Então, como posso ajudar o meu filho a ir mais longe e a desenvolver vontade de aprender?
    Primeiro, é preciso confiar. Confiar nas capacidades da criança, confiar na evolução natural do aperfeiçoamento das ferramentas que ele tem à sua disposição. Confiar no amor que temos por eles e eles por nós. Dar-lhes responsabilidade e tempo. Principalmente valorizar o seu processo e reconhecer o seu esforço.
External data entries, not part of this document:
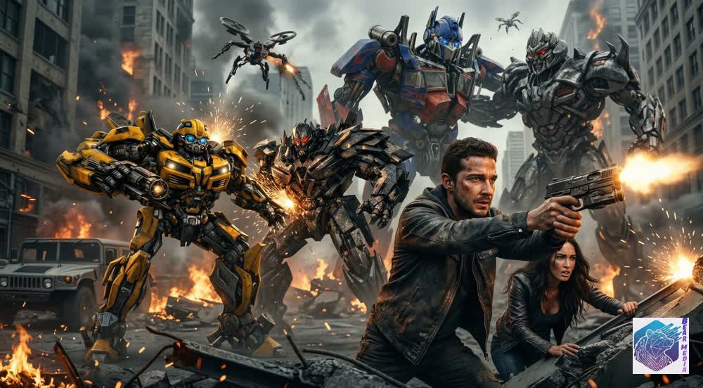 The city erupts into a blinding, torrential tempest of plasma fire, shattering glass, and the agonizing shriek of tearing metal. In the heart of the maelstrom, the human survivors are pushed to the absolute edge of their endurance. It is here, in the deafening chaos, that the bond between man and machine is brutally tested. Bumblebee provides a kinetic, yellow blur of covering fire, intercepting missiles meant for the fleeing crowds, while Sam and Mikaela sprint through the crossfire. Sam does not fight the warlord directly; he uses his specialized alien rifle to blind the advancing foot soldiers, holding the line in the dust while Optimus Prime descends from the smoke, his blue optics locking onto the tyrant in a seismic collision that rattles the earth to its core.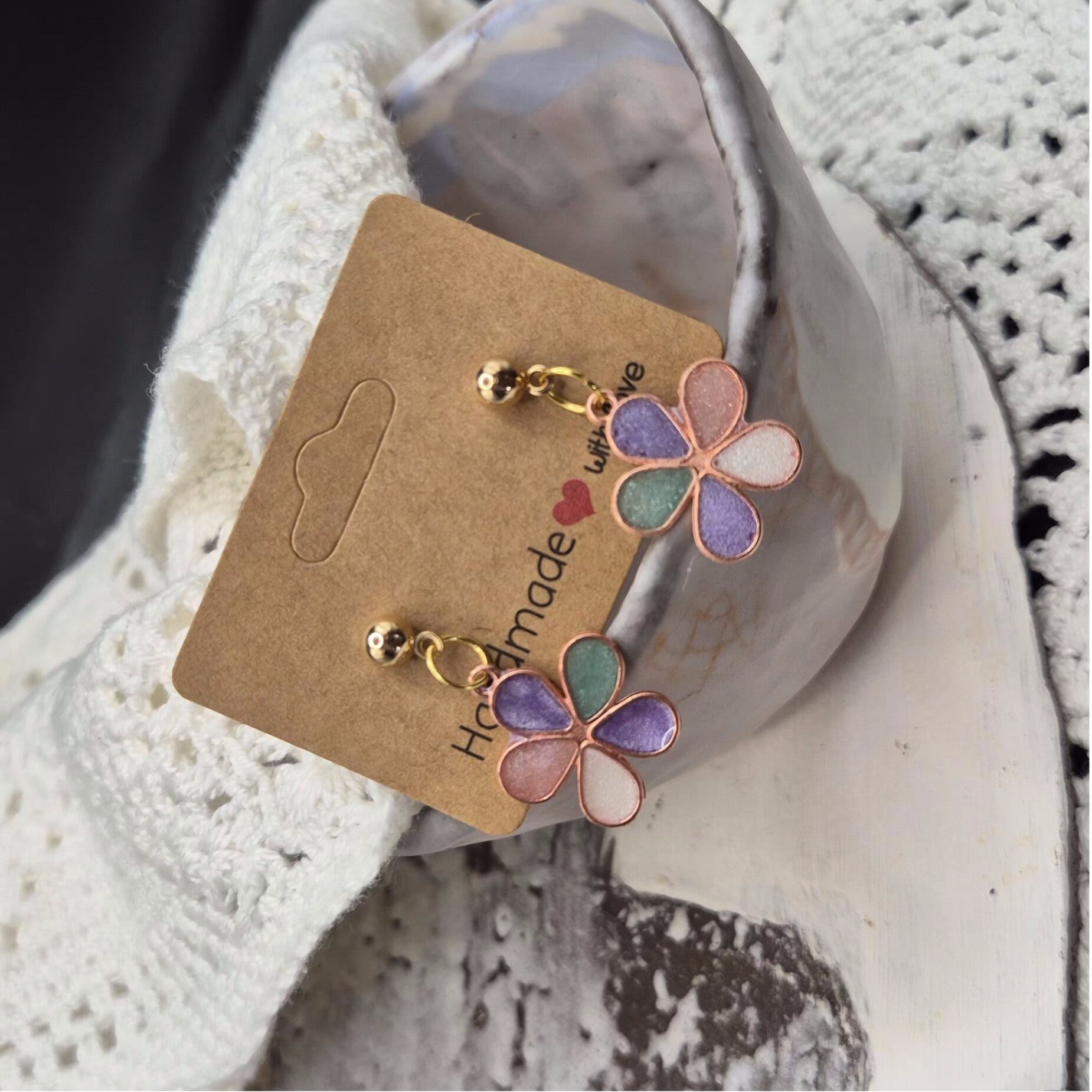 Jolie petite paire de Marguerite aux couleurs pastel montées sur un clou doré en acier inoxidable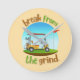 A clock that says "Break from the Grind" with an image of a golf cart parked near a golf hole is a relaxing and sporty design, often worn by golf enthusiasts or those seeking a break from their daily routine. It suggests a desire to escape the stresses of everyday life and enjoy the peaceful and challenging sport of golf.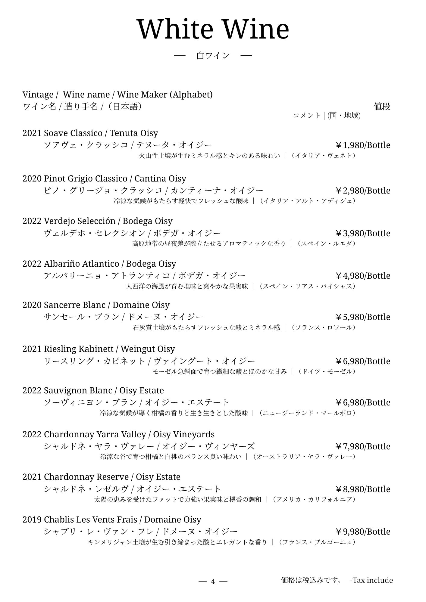 より多くの方が使いやすいように、「基本のワインリスト」にはロゴなどは一切入っておりません。
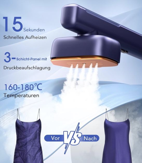 Boah, dieser 2-in-1 Dampfglätter ist ja praktisch! Funktionier als normales Bügeleisen UND als Dampfgarer - mit 4 Bügelmodi und LED-Display. 1200 Watt stark - heizt in nur 25 Sekunden auf und produziert 12 Minuten lang Dampf! Mit 360° Anti-Überlauf-Technologie - da kannst du in jedem Winkel dampfen ohne Sauerei. Drei Dampfstufen von 6-22 g/min und konstante 140°C - perfekt für Seide, Baumwolle, Wolle und mehr. Nur 0,9 kg schwer und 10,3 Zoll lang - super für unterwegs! Mit faltbarem Griff - passt in jeden Koffer. 6-Fuß-Netzkabel für bequeme Bedienung. Ob zu Hause oder auf Reisen - mit diesem Teil bist du immer perfekt gebügelt! Einfach auspacken und faltenfrei durchstarten - besser geht's nicht!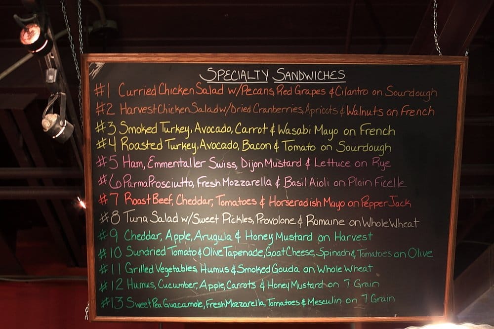 This vegetarian sandwich comes with fresh arugula, sliced Granny Smith apples, tangy honey mustard, and cheddar cheese. Served on our popular Harvest bread, packed with pecans, apricots, cranberries, figs and crystallized ginger.

    No caso do teste, podemos referir o esforço e dedicação com que estudou, como aprendeu imensas coisas novas que não sabia. Como evoluiu em relação ao teste anterior e perguntar se poderia ter feito alguma coisa diferente na forma como estudou. Mostrar disponibilidade se ele precisar de ajuda e, deixá-lo definir a forma como acha mais adequado preparar o seu plano de estudo para o próximo teste (responsabilidade). Focar a atenção no como?
    Quando valorizamos o esforço em vez do resultado, as crianças ficam motivadas e desenvolvem um “Growth Mindset”. Uma vontade de ir mais longe, de aprender com as experiências, de descobrir caminhos novos, de sair da sua zona de conforto e desafiar os seus limites. Vontade de crescerem felizes para dentro e para o mundo. Vontade de explorar caminhos inovadores e de fazer descobertas únicas. Ganham a capacidade de perceber que apenas não conseguem “ainda” e que tudo está à distância de foco, treino e dedicação. Ganham uma força única para se levantarem quando ouvem um grande “não”.
    Aceitar a nossa imperfeição é o ponto de partida mágico para crescer sem parar, para ter mais felicidade na nossa vida e contagiar os outros com a nossa alegria de viver. É o momento em que aprendemos a ser como o bambu que dobra com o vento e não parte. Que é resiliente e apesar de parecer frágil, é imensamente poderoso e adaptável.
    Somos os heróis da nossa própria história e podemos ir muito além dos nossos limites e medos. Fazemos o nosso caminho a cada dia, a cada passo, a cada decisão.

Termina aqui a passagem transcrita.